À sa droite, affalé dans le large fauteuil des invités, le Capitaine Aleysworth se tenait au bord, tête baissée, le visage froncé par la réflexion. Il avait un œil au beurre noir et un large pansement sur la tempe gauche. Depuis quand avait-il ces blessures au visage ? Et une main enroulée dans un bandage bien serré ?

La Cavalière se racla la gorge pour signaler son réveil à son supérieur. Elle se redressa en se maintenant la tête, persuadée que celle-ci allait se décrocher de son corps, tellement elle la sentait lourde.

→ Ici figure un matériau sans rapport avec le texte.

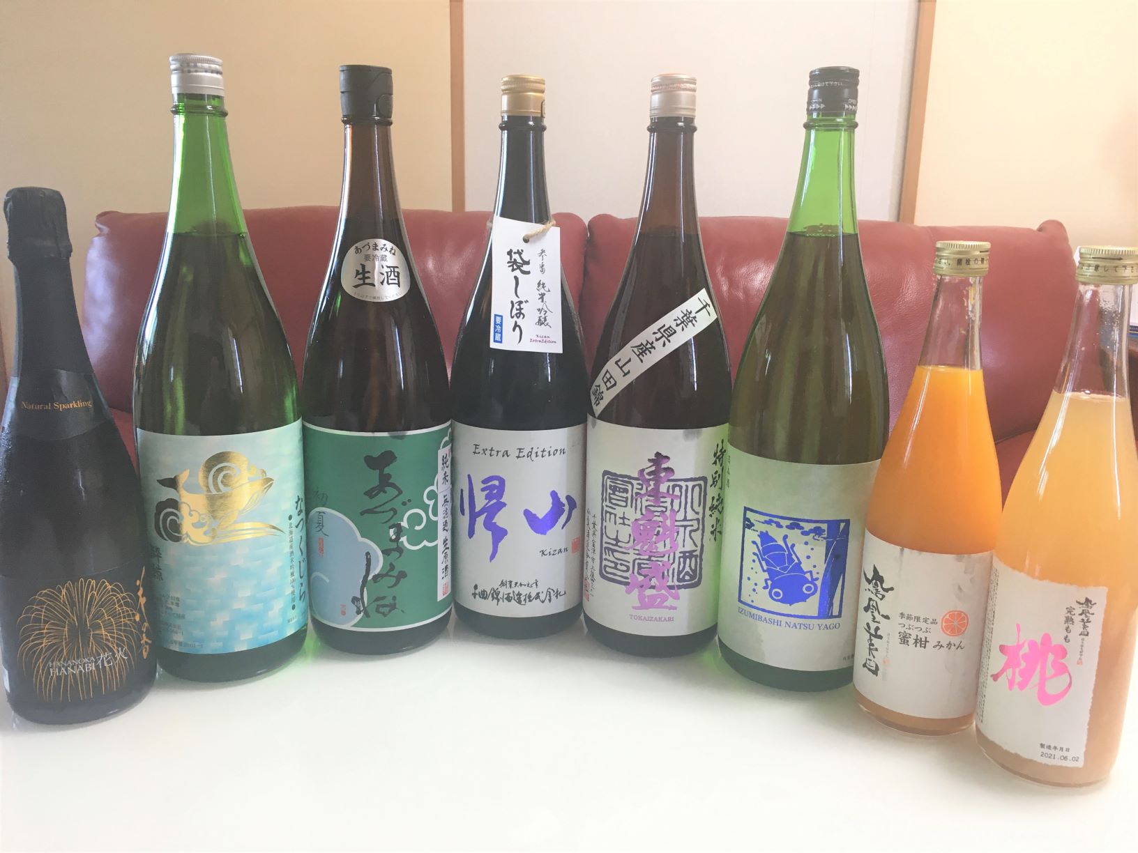 ※左から 花の香・酔鯨・あづまみね・帰山・東魁盛・いづみ橋・鳳凰美田(みかん・桃)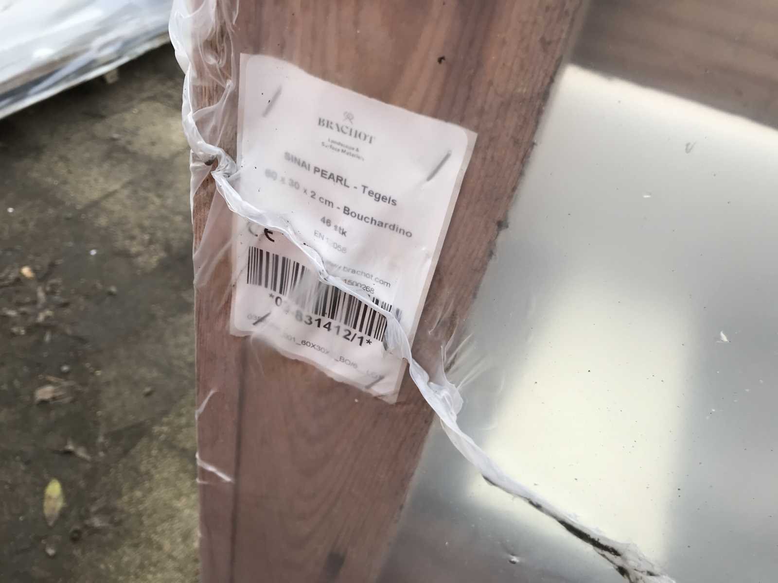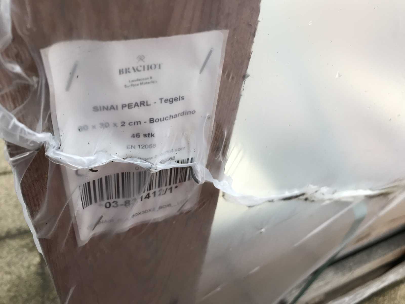 Pallet:1, afm. 60x30x2, ca. 46 stuks, 8,28m2 Merk: Sinai Pearl Bouchardino

Remarquant qu'elle venait de reprendre connaissance, le Capitaine Aleysworth se releva et s’avança vers son lit. Il plongea la main dans sa poche et en sortit un morceau de papier jauni et plié. Le cœur de Lilly se serra, lorsqu’elle reconnut l’objet qu’il avait entre les mains ; la lettre de son père. Il la laissa glisser de sa main et elle tomba sur les jambes de la patiente. La Cavalière eut l'impression que sa respiration se coupait de nouveau. La panique s'empara d'elle en imaginant comment le Capitaine avait pu réagir en lisant cette stupide lettre.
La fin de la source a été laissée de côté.